BEATRICE – Opponents of a proposed wind farm in northern Gage County achieved one victory last night, following a nearly five-hour hearing on a proposed amendment to county wind farm regulations.
The Gage County Planning and Zoning Commission voted 6-1 to recommend that the setback distance between wind towers and non-participating rural homes be increased from the current three-eighths of a mile, to one mile. The proposed amendment also calls for independent testing regarding sound levels produced by wind farms.
The hearing, at the Beatrice High School Hevelone Center, drew approximately 200 people. Kelly Lenners urged commission members not to consider only the financial benefit wind developers promote on such projects.

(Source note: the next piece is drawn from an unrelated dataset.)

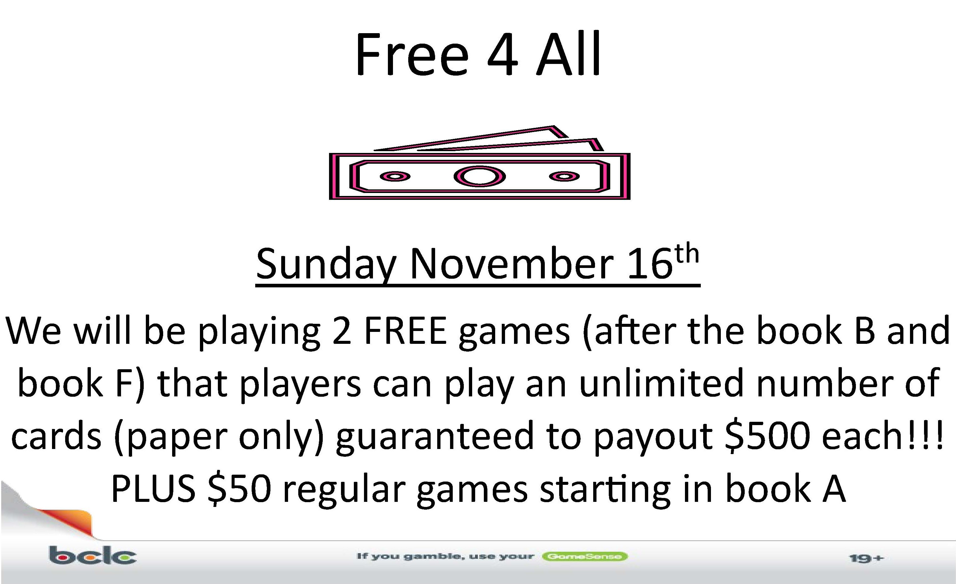 We will be playing a 2 FREE bonus games after book B and F that players can play an unlimited amount of cards (paper only) for $500 each in cash prizes!

“Everyone in Gage County is concerned about finances since the Beatrice Six. So, when industrial wind companies come in and say they will bring millions to the county, we all jump. But, we need to all slow down and take the time to really read the numbers and look at the small print. Because when we put the numbers together, the benefits truly do not outweigh the negative impacts to our county…finances included”.
David Bargen, of rural Adams is an attorney who represents rural landowners opposed to a proposal by NextEra Energy that would include some 50 turbines on land mostly owned by one entity and leased for farming. Bargen said the increase in modern turbine tower height to about 500 feet makes the county’s current setback no longer appropriate.

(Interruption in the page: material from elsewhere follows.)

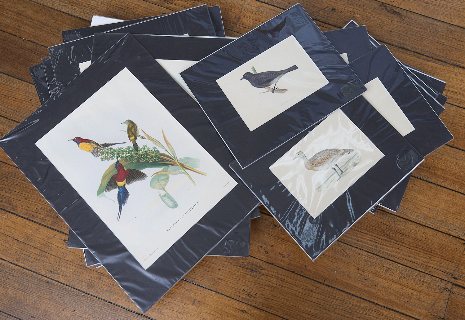 A BOX OF MOUNTED PRINTS INCLUDING JOHN GOULD AND OTHERS H.52.5CM X W.41CM, LEONARD JOEL LOCAL DELIVERY: MEDIUM

“Gage County at this moment is at a crossroads. You will hear tonight from various speakers on a number of topics regarding wind tower regulations, including financial considerations, property rights, values, impact on development, on agriculture, health concerns and nuisance issues. Decisions the county makes now will impact the county for the next 30 to 50 years”.
An opponent of the one-mile setback, Nebraska Farmers Union President John Hansen, told the commission that there are similarities between development of the ethanol industry, and allowing landowners the right to lease land to wind companies.
“The farm economy is in trouble, and we’re just about at the revolt stage with the level of property taxes in this state. So, when we can bring in capital investment, we can build new tax base, we can bring in new farm income….these are not minor things”.
Opponents to the wind farm told the commission that many of those opposing the increased setback distance do not reside within the county. But there were supporters of the amendment from outside the county, as well. Nebraska State Lawmaker Tom Brewer of Gordon, a wind energy opponent, urged the county to support the one-mile restriction.
“I don’t agree with the one mile…..I think it should be two miles”.
Much of Thursday night’s testimony involved disagreement over the health effects of wind farms, and whether they affect property values……both sides citing studies to back up their positions. David Bracht, an Omaha attorney who has represented NextEra, is a former Nebraska Energy Director. He urged officials to look at science-based data and learn from those who have lived around wind farms.
“I can tell you a one-mile setback would be among the most stringent…and so that would set Gage County and this part of the state apart from what we’re seeing all across the midwest….which would inhibit us from a very significant natural resource. As you’re considering this amendment, I hope that you think about not only the facts you hear, recognizing that you’re going to hear a lot of contradictory facts…..but look what real people have experienced who are around us…and how that’s impacted them and benefitted them and how it could also benefit our community and our state”.
In the 6-1 vote to recommend increasing the setback distance to one mile, Commission Chairperson Dennis Rosene cast the only dissenting vote.
The issue now goes to the Gage County Board of Supervisors, which will also conduct a public hearing and make a final decision.